Later if you want to delete the address, you can use this command:

netsh interface ipv6 delete address interface="Ethernet" address=<private_IPv6_address>

For example:

netsh interface ipv6 delete address interface="Ethernet" address=2001:0db8:95f4::abcd:1234

Also delete the IPv6 from the VNIC. You can do that before or after executing the earlier command to delete the address from the OS configuration.

Network Connections UI

The following configuration persists through a reboot of the instance.

  1. In your browser, go to the Console, and note the private IPv6 address that you want to configure on the instance.
  2. Connect to the instance, and run the following command at a command prompt:

    http://169.254.169.254/opc/v1/vnics/
  3. Note the value for the ipv6VirtualRouterIp, which is the default gateway to use in a later step.
  4. In the instance's Control Panel, go to Network and Internet, and view your network connections (see the image that follows for the set of dialog boxes you see in these steps).
  5. For the active networks, click the connection (Ethernet).
  6. Click Properties.
  7. Click Internet Protocol Version 6 (TCP/IPv6), and then click Properties.

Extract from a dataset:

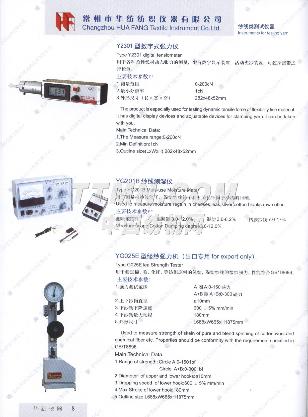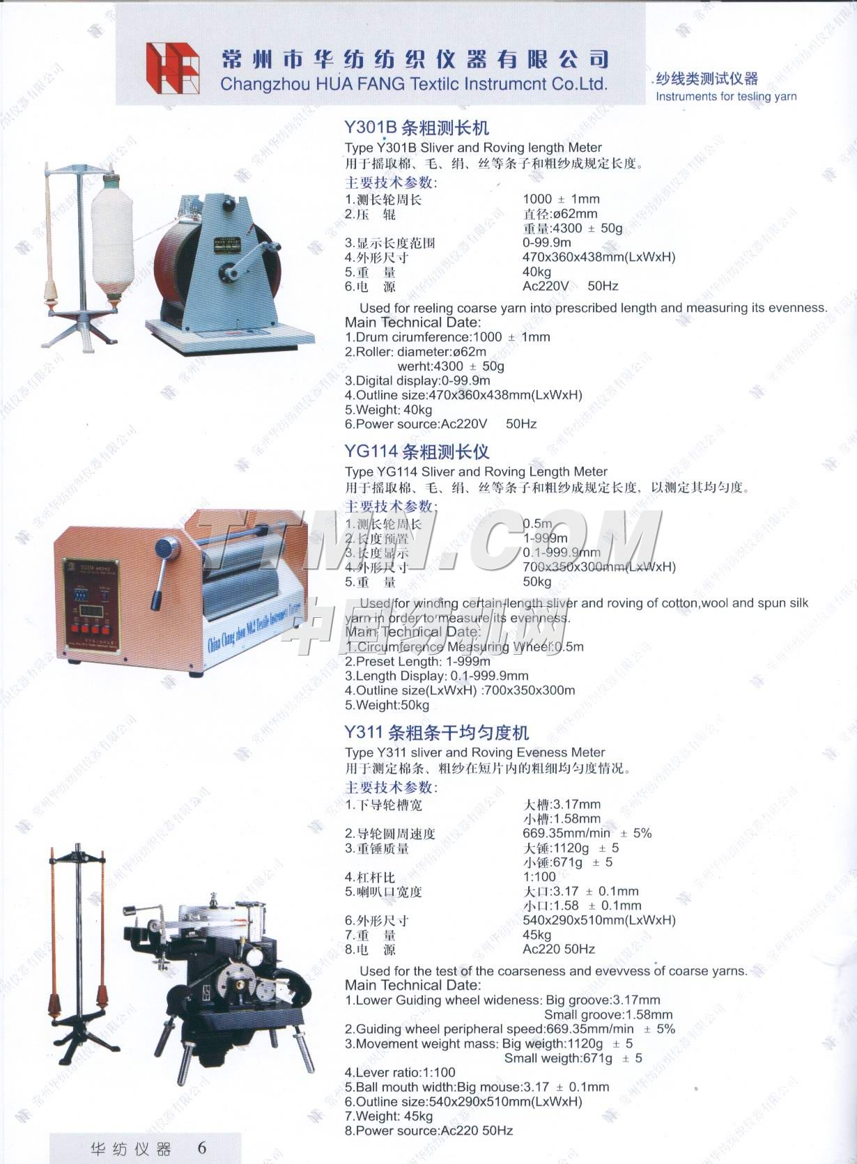 常州市華紡紡織儀器有限公司。它是生產與銷售紡織儀器的專業廠家。主要產品有Y802N、Y101D、YG747系列恒溫烤箱,YG021(A、B、D)、YG026D、YG008D、YG001D等系列電子式強力機,YG321、Y145C、Y331A、YG982等系列纖維紗線、印染的專業測試儀器。產品質量穩定,可靠,所測數據能自動顯示,并打印輸出。公司宗旨: ● 產品更精致, ● 服務更周到, ● 做更好的產品,滿足您的要求。 ...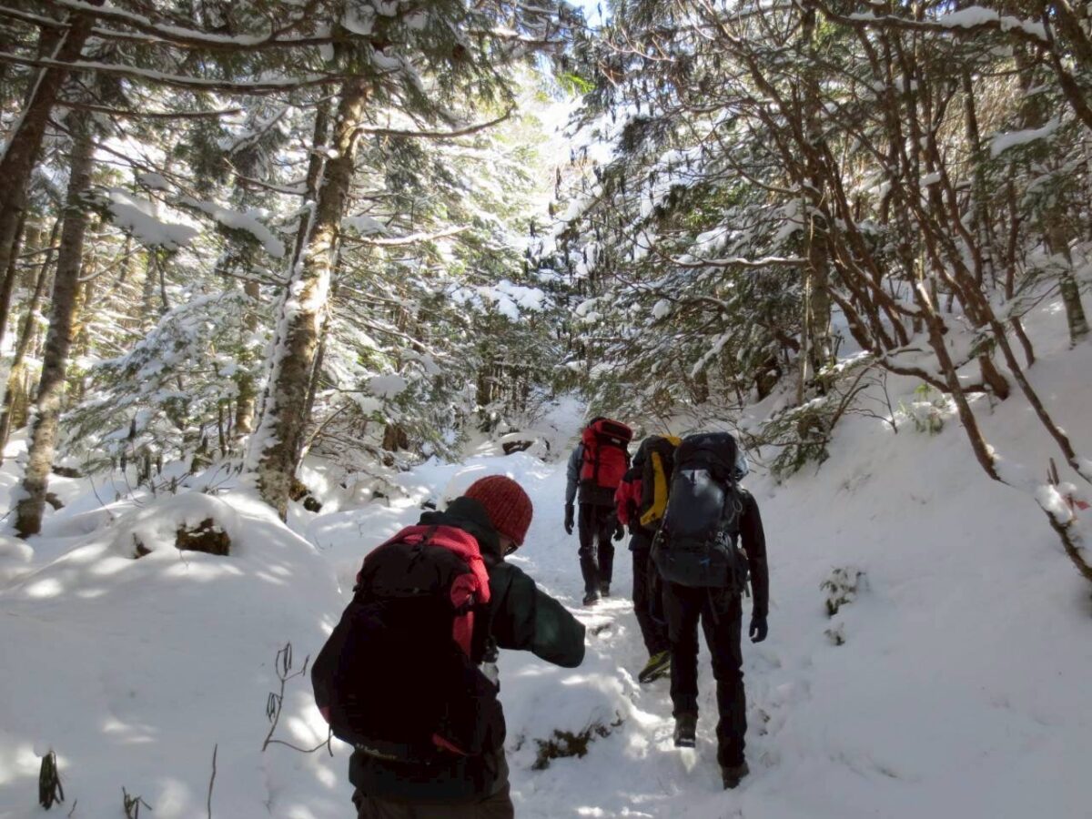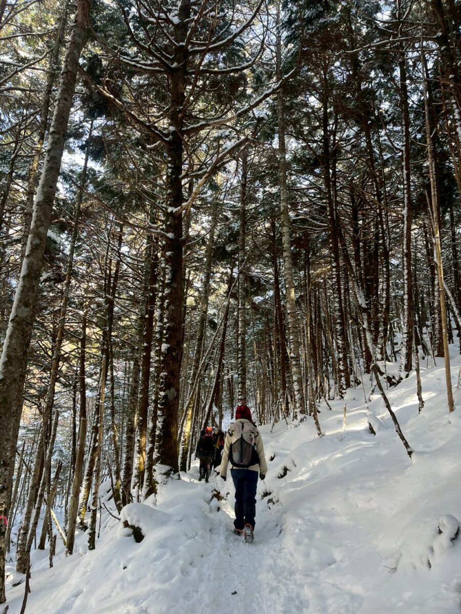 登山口は渋の湯から。しんとした爽やかな森の中、雪を踏むリズミカルな音が心地よかったです。

    This image shows the series of dialog boxes you'll encounter.

  8. Select the radio button for Use the following IP address, and then enter the values you noted earlier for the private IPv6 address and default gateway. Use 64 for the subnet prefix length.

    This image shows the series of dialog boxes you'll encounter.

  9. Click OK until the dialog boxes are closed.

If you haven't yet, ensure that the VCN's route table and security rules are configured for the wanted IPv6 traffic. See Routing for IPv6 Traffic and Security Rules for IPv6 Traffic.